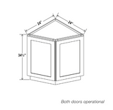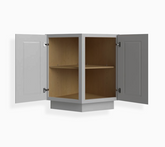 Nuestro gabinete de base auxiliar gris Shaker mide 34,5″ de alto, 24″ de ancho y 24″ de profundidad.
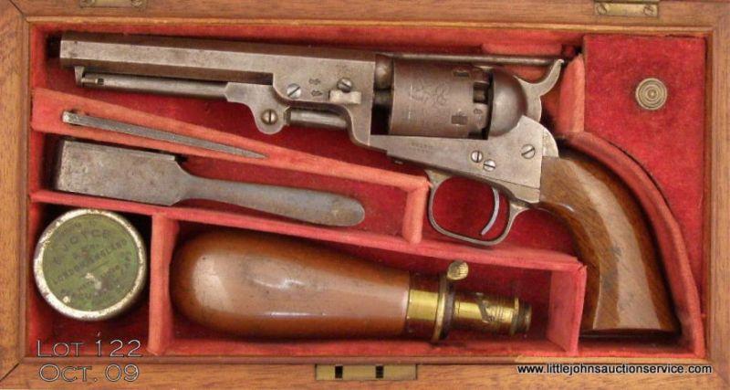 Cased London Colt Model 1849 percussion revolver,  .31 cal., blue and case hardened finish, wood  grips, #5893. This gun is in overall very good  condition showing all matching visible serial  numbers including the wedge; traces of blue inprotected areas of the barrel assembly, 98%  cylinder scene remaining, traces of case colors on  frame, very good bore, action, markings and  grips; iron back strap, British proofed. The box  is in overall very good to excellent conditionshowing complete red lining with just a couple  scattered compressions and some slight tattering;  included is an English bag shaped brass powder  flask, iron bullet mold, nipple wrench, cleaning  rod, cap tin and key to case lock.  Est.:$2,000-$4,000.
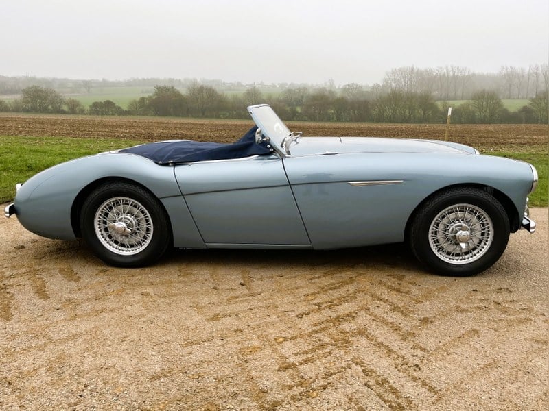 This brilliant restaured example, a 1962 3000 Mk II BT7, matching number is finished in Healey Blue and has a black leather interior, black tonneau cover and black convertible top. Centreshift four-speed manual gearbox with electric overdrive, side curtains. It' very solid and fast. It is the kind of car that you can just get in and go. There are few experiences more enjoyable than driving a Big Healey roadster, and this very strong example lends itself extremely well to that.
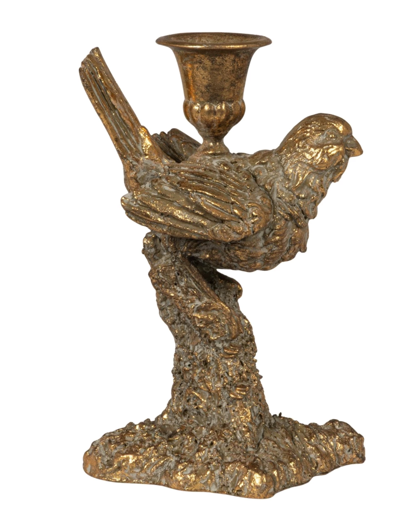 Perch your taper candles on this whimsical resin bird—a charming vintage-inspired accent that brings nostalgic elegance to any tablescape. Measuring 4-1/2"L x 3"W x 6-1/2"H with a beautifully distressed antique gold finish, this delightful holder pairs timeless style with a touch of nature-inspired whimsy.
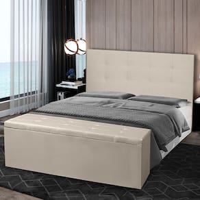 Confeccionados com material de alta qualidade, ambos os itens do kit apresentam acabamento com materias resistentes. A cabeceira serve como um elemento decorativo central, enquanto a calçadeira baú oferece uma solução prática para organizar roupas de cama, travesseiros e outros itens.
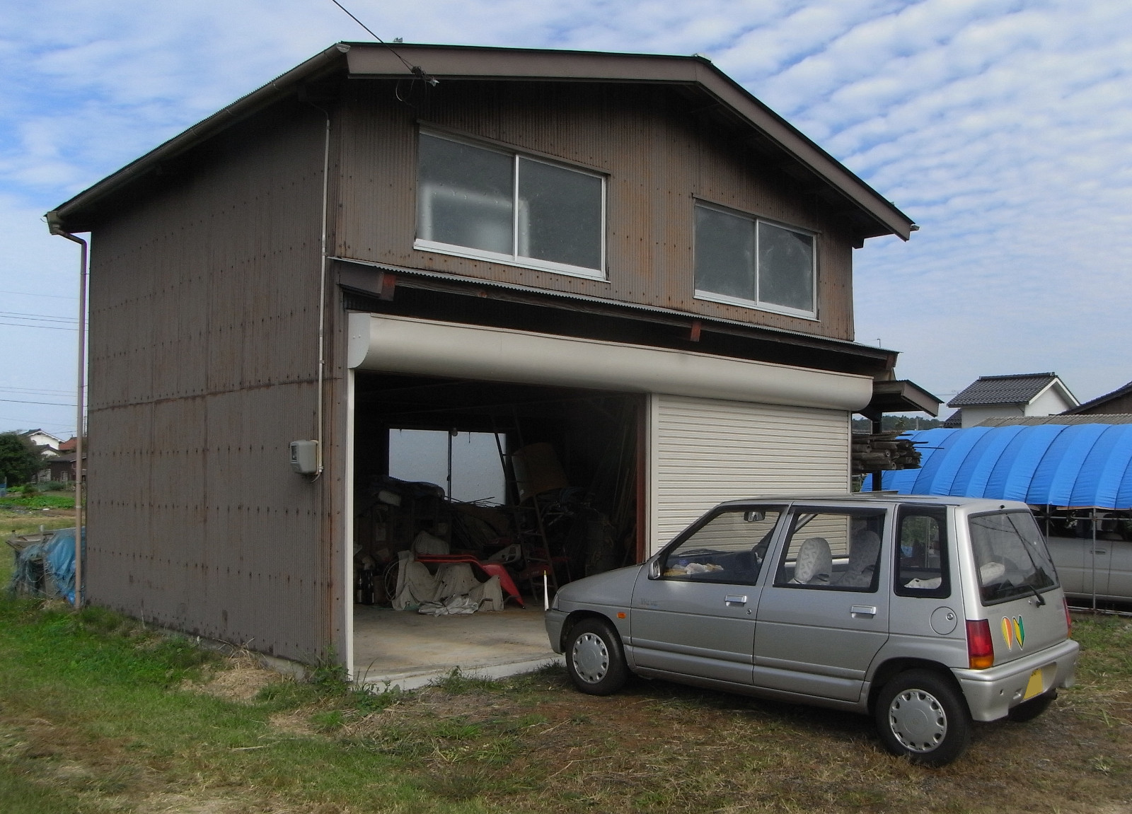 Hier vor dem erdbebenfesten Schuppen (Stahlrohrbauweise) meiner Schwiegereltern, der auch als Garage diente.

### EXERCISE:
Word for word, give the listing above again, but drop any pictures.

### THE ANSWER:
 Nuestro gabinete de base auxiliar gris Shaker mide 34,5″ de alto, 24″ de ancho y 24″ de profundidad.
 Cased London Colt Model 1849 percussion revolver,  .31 cal., blue and case hardened finish, wood  grips, #5893. This gun is in overall very good  condition showing all matching visible serial  numbers including the wedge; traces of blue inprotected areas of the barrel assembly, 98%  cylinder scene remaining, traces of case colors on  frame, very good bore, action, markings and  grips; iron back strap, British proofed. The box  is in overall very good to excellent conditionshowing complete red lining with just a couple  scattered compressions and some slight tattering;  included is an English bag shaped brass powder  flask, iron bullet mold, nipple wrench, cleaning  rod, cap tin and key to case lock.  Est.:$2,000-$4,000.
 This brilliant restaured example, a 1962 3000 Mk II BT7, matching number is finished in Healey Blue and has a black leather interior, black tonneau cover and black convertible top. Centreshift four-speed manual gearbox with electric overdrive, side curtains. It' very solid and fast. It is the kind of car that you can just get in and go. There are few experiences more enjoyable than driving a Big Healey roadster, and this very strong example lends itself extremely well to that.
 Perch your taper candles on this whimsical resin bird—a charming vintage-inspired accent that brings nostalgic elegance to any tablescape. Measuring 4-1/2"L x 3"W x 6-1/2"H with a beautifully distressed antique gold finish, this delightful holder pairs timeless style with a touch of nature-inspired whimsy.
 Confeccionados com material de alta qualidade, ambos os itens do kit apresentam acabamento com materias resistentes. A cabeceira serve como um elemento decorativo central, enquanto a calçadeira baú oferece uma solução prática para organizar roupas de cama, travesseiros e outros itens.
 Hier vor dem erdbebenfesten Schuppen (Stahlrohrbauweise) meiner Schwiegereltern, der auch als Garage diente.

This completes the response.